Set forth below is the text of a comment that I recently posted to the discussion thread for another blog entry at this site:
“That’s not a decision that I made lightly. In Chapter 12 of my book (Passion Saving: The Path to Plentiful Free Time and Soul-Satisfying Work), I examine the possibility that worse could come to worse and that I would not be able to provide for my family. I say that, in those unlikely circumstances, one has to conclude that that was what was meant (by God or by Evolution or by The Fates or by whatever you believe in — I believe in God) to be and that my wife and my children have to learn whatever lesson they were meant to learn from the experience.”
What lesson did your wife and children learn from all of this?
We don’t know yet, Anonymous. We’re still living through it.
The point is that things happen in this life for a purpose. That’s a core belief of mine. John Walter Russell said a long, long time ago (perhaps in 2003) that (I am paraphrasing): “I believe that this is going to work out better than anyone could possibly imagine.” That had the ring of truth for me at the time he said it and there have been scores and scores of things that have happened in the days since that have confirmed for me that we are in the process of seeing some amazing, positive, life-affirming developments here. As I often put it, the good that we have seen here has been 50 times more good than the bad that we have seen here has been bad.
What makes life hard is that you don’t get to see the conclusion of the process while you are working your way through it. You have to have faith in your fellow man that, if you do what is right, there will be a payoff at the end. I believe that. I love my country. I love the internet.
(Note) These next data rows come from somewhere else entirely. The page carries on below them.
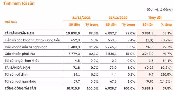 Báo cáo ghi nhận tổng tài sản công ty tại thời điểm cuối năm 2021 đạt hơn 10.900 tỷ đồng, tăng gần 4.000 tỷ đồng tương ứng tăng khoảng 57% so với đầu năm, trong đó có trên 99% là tài sản ngắn hạn. Nếu tính chi tiết, các khoản phải thu ngắn hạn bao gồm phải thu từ cho vay các dịch vụ tài chính, trả trước cho người bán… lên đến gần 6.780 tỷ đồng, chiếm hơn 62% tổng tài sản ngắn hạn của công ty.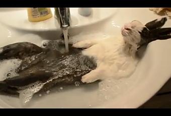 Si vous cherchez le lapin le plus heureux, il est ici en train de prendre son bain, à la cool !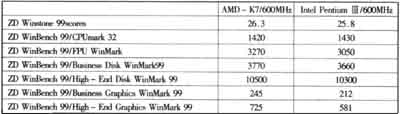 的性能 大多数的DIYer对于K7的速度性能应该是最感兴趣的,以前的K5和K6就吃足了大亏,因而其无论怎样标榜自己的各项CPU性能参数都不能掩盖一个事实,那就是AMD的CPU的浮点性能总是敌不过Intel的CPU的。不过,如今的K7已经旧貌换新颜了,表1是K7与PⅢ的技术参数对比。表2是第三方的评测结果,供参考。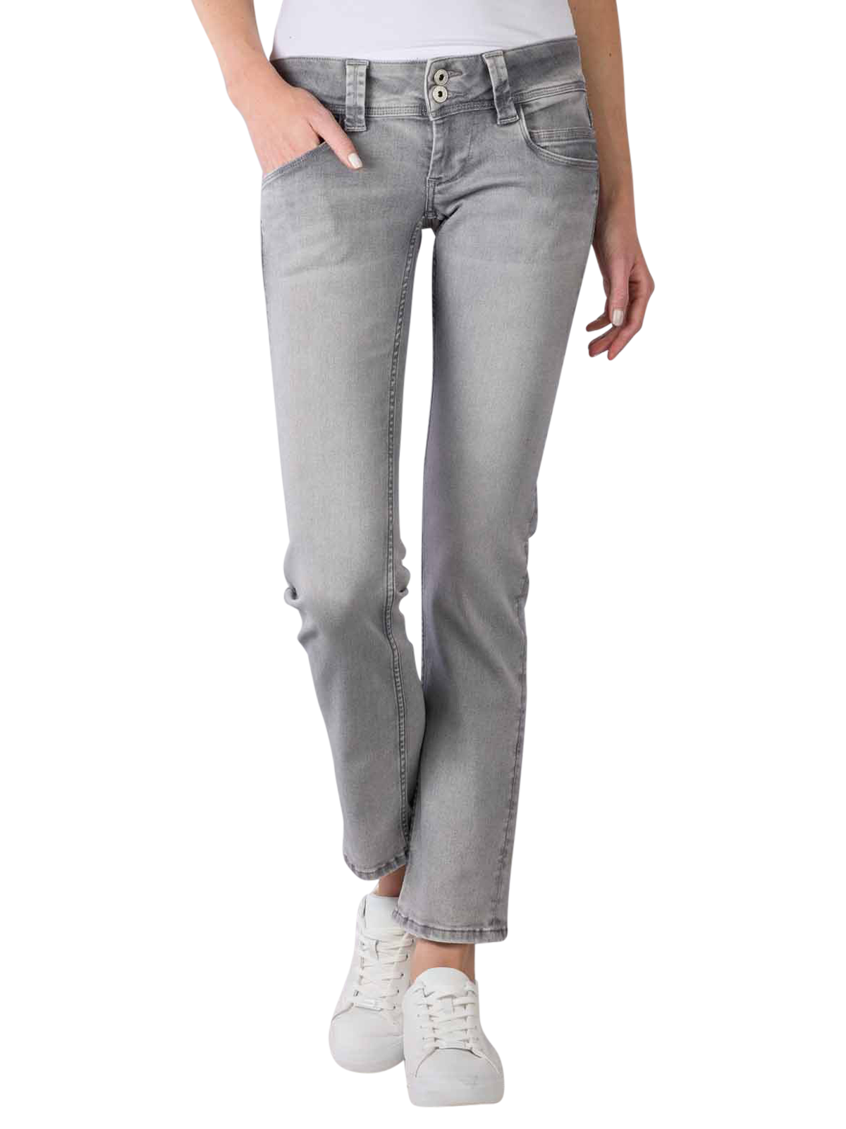 Die Pepe Jeans Low Venus Slim Straight Fit Damenjeans in der Farbe Grey ist im klassischen Five-Pocket-Stil gehalten und kombiniert einen tiefen Bund mit Knopf und Reissverschluss mit einem schmalen, geraden Bein. Sie besteht aus einer hochwertigen Baumwoll-Mischung mit Stretchanteil, die ihr einen hohen Tragekomfort verleiht. Zudem ist die Damenjeans bei 40 °C waschbar sowie bei niedrigen Temperaturen trocknergeeignet und somit pflegeleicht.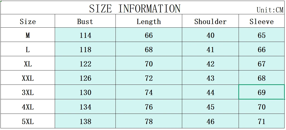 size_info: {"sizeInfoList":[{"length":{"cm":"114","inch":"44.88"},"size":"M","vid":-1},{"length":{"cm":"118","inch":"46.46"},"size":"L","vid":-2},{"length":{"cm":"122","inch":"48.03"},"size":"XL","vid":-3},{"length":{"cm":"126","inch":"49.61"},"size":"XXL","vid":-4},{"length":{"cm":"130","inch":"51.18"},"size":"XXXL","vid":-5},{"length":{"cm":"134","inch":"52.76"},"size":"4XL","vid":-6},{"length":{"cm":"138","inch":"54.33"},"size":"5XL","vid":-7}]}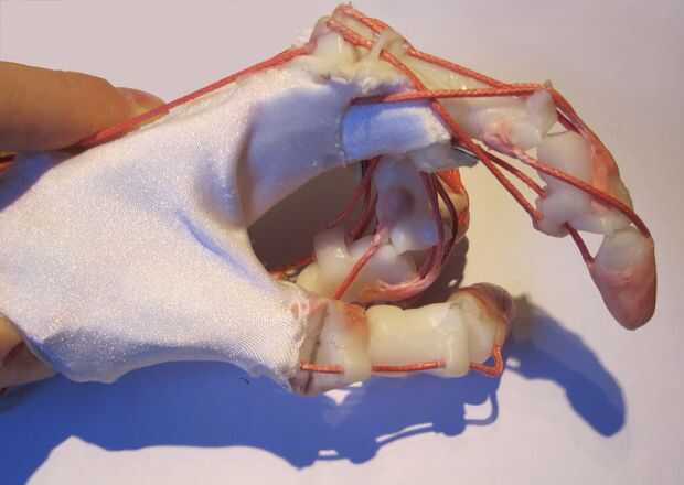 Cadena de alto rendimiento - esto es por los tendones para el más fuerte mejor, Dyneema es el mejor y se utiliza en la pesca, deportes y camping así deben fácil encontrar - 1.5 a 2 mm de diámetro es un montón lo suficientemente fuerte, dejar 1 m por dedo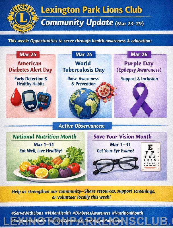 | The Lexington Park Lions Club is using the week of March 23–29 to highlight several important health observances that remind us how local service can make a real difference in people’s lives. With American Diabetes Alert Day, World Tuberculosis Day, and Purple Day for Epilepsy Awareness all taking place this week, Lions are encouraging neighbors to learn more, share helpful resources, and support healthier communities through education and outreach.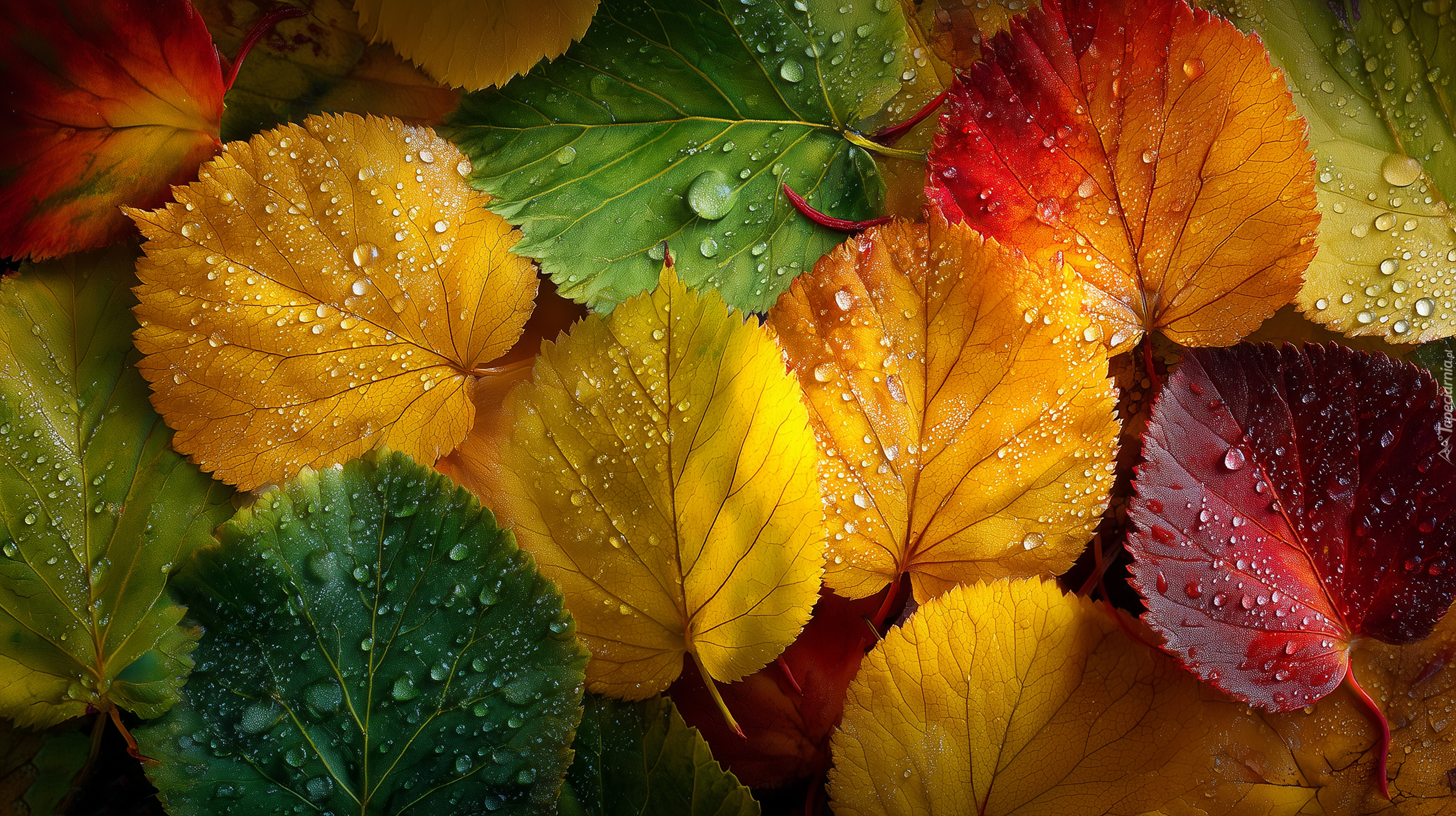 Edytor tapety: Krople na kolorowych jesiennych liściach w zbliżeniu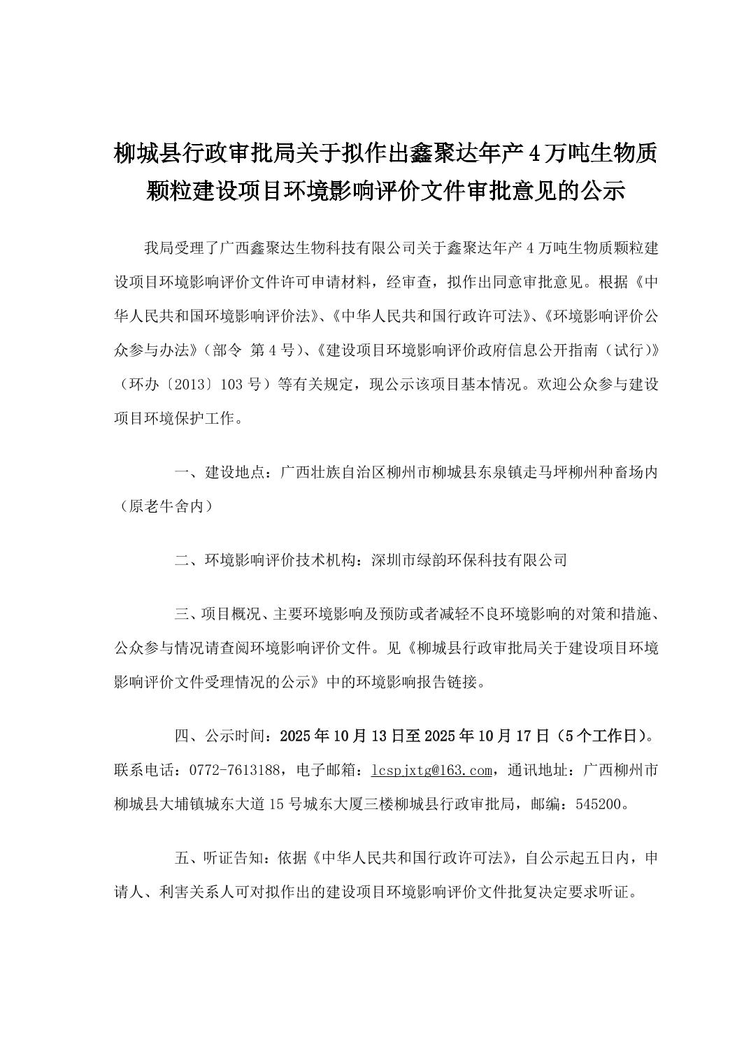 柳城縣行政審批局關(guān)于擬作出鑫聚達年產(chǎn)4萬噸生物質(zhì)顆粒建設(shè)項目環(huán)境影響評價文件審批意見的公示

I love Bogle’s idea of using the peer-reviewed research as guidance on how to invest. My confidence in those things is going to pay off in the long run. The great things about our economic and legal system are going to pay off big time for all of us. The invention of the internet is going to pay off big time for all of us. The peer-reviewed research is going to pay off big time for all of us.
I believe that strongly. But you never know precisely how it is going to happen. That’s the drama. That’s the scary part. That’s what makes faith hard. That what makes life hard.
And we cannot force God (or Evolution or whatever) to play it the way we want Him to play it. My mother once told me that maybe Valuation-Informed Indexing might catch on after I die. That one also had the ring of truth to my ears! Maybe I watched too many episodes of “Alfred Hitchcock Presents” when I was a kid and I am just drawn to trick endings. But I could see something like that happening. It could turn out that Valuation-Informed Indexing really is the future and that in time it becomes dominant over Buy-and-Hold but that all this would only happen after I were no longer around. I would hate that! But it could happen. I don’t rule out something like that.
That could benefit my boys. They will be around after I am gone. It could be that that they will see it all play out in a positive way after I am gone and then realize for themselves the importance of being determined and perhaps make some change in their own lives as a result that will pay off in a big way for them or their children. I don’t know the specifics. We don’t get to know the specifics. But of course I wouldn’t know the specifics of staying at the corporate job either. Some people would describe that path as “safer.” But no one can ever say for sure. You might choose the safe path and then end up becoming an alcoholic because the work you do is so meaningless — Oops!
I have done the right thing for my country and for my fellow community members and for my profession and for my family and for myself and for my parents (who did so much to prepare me to do something like this) and for my friends (from whom I have learned things that made it possible for me to pull this off) and from the authors of my favorite books and for the writers of the songs that aided my determination and for the academic researchers who long for the day when they can do honest work again. I don’t have any doubt about any of that.
I have done the right thing for the Wall Street Con Men. The Wall Street Con Men never meant to cause an economic crisis when they came up with Buy-and-Hold. They thought they were doing a good thing. They never imagined in their worst nightmares that they were creating a monster and that some day things would get so horribly out of hand. I have done the right thing for you Goons. You cannot bear to acknowledge it. But I believe that 100 percent. I treat you like humans. I don’t make rationalizations for not standing up to you (I once did, but I have not done this since the morning of May 13, 2002). I show you respect when I treat you like humans. That’s charity. Failing to speak up is cowardice, not kindness. I am 100 percent sure re that one.
I cannot tell you what lessons my wife and children will learn from this. I can tell you that I know that I have done the right thing and that I BELIEVE that doing the right thing pays off in the long run. I have lived a blessed life in just about every other respect. Perhaps I have had it too good and God wanted me to experience some suffering to prepare my soul in some way for other things that I will be seeing in future days and perhaps the same is true for my wife and my children. I do not know. I believe that there is a purpose in life and I believe that abandoning all that you believe in because some Goon on the internet is embarrassed for people to know that he got an important number wrong in a retirement study posted at his web site is not the way to go. Not for anyone. Not even for that Goon.
That’s where I am coming from in any event, Anonymous.
I naturally wish you all the best that this life has to offer a person.